• [TASK BRIEF] Once the line containing "盈利能力方面, 2025年前" is found in the records below, return it and each following line exactly, up to and including the line containing "Certificate of Nominatives", and nothing else.

• [AVAILABLE RECORDS]
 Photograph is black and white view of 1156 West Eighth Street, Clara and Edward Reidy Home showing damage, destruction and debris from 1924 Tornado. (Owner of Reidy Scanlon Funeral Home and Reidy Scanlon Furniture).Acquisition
==
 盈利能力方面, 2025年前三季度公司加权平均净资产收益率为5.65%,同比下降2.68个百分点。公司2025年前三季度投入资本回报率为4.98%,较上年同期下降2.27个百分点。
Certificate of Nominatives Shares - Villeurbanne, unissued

• [REPLY]
 盈利能力方面, 2025年前三季度公司加权平均净资产收益率为5.65%,同比下降2.68个百分点。公司2025年前三季度投入资本回报率为4.98%,较上年同期下降2.27个百分点。
Certificate of Nominatives Shares - Villeurbanne, unissued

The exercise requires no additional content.